A noble variety bestowed with both power and concentration, Cabernet Sauvignon enjoys success all over the globe, its best examples showing potential to age beautifully for decades. Cabernet Sauvignon flourishes in Bordeaux's Medoc where it is often blended with Merlot and smaller amounts of some combination of Cabernet Franc, Malbecand Petit Verdot. In the Napa Valley, ‘Cab’ is responsible for some of the world’s most prestigious, age-worthy and sought-after “cult” wines. Somm Secret—DNA profiling in 1997 revealed that Cabernet Sauvignon was born from a spontaneous crossing of Cabernet Franc and Sauvignon Blanc in 17th century southwest France.
Perhaps the most historically significant appellation in Sonoma County, the Sonoma Valley is home to both Buena Vista winery, California's oldest commercial winery, and Gundlach Bundschu winery, California's oldest family-run winery.
It is also one of the more geologically and climactically diverse districts.

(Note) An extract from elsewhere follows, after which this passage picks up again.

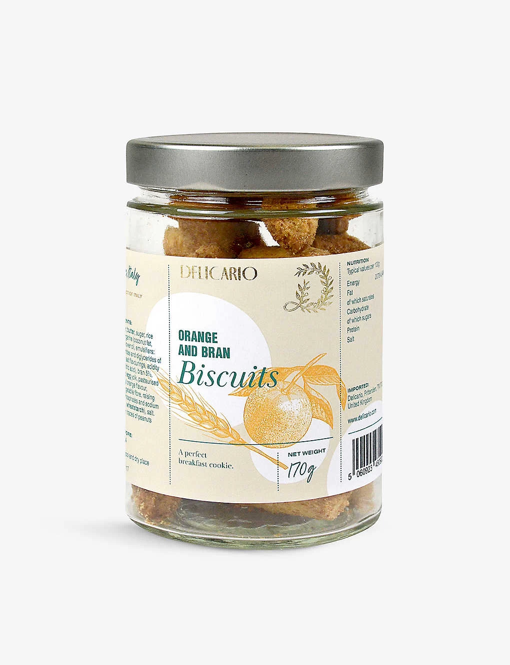 Wheat Flour( Cereals containing gluten ), Butter ( Milk ), Sugar, Egg Yolk( Egg ), Egg( Egg ), Salt, Rice Starch, Margarine (coconut fat, water, sunflower oil, emulsifiers: monoglycerides and diglycerides of fatty acids, salt, flavourings, acidity regulator: citric acid), Bran (Wheat)( Wheat ), Natural Orange Flavour, Glucose, Vegetable fibre, Raising Agents (diphosphates and sodium carbonates, wheatstarch)( Wheat )

The valley includes and overlaps four distinct Sonoma County sub-appellations, including Carneros, Moon Mountain District, Sonoma Mountain and Bennett Valley. With mountains, benchlands, plains, abundant sunshine and the cooling effects of the nearby Pacific, this appellation can successfully produce a wide range of grape varieties. Pinot Noir, Chardonnay, Cabernet Sauvignon, Gewürztraminer, and most notably, Zinfandel all thrive here. Ancient Zinfandel vines over 100 years old produce small crops of concentrated, spicy fruit, which in turn make some of the Valley's most unique wines. These can also be made as “field blends” (wines made from a mix of grape varieties grown in the same vineyard) along with Petite Sirah, Carignan and Alicante Bouschet.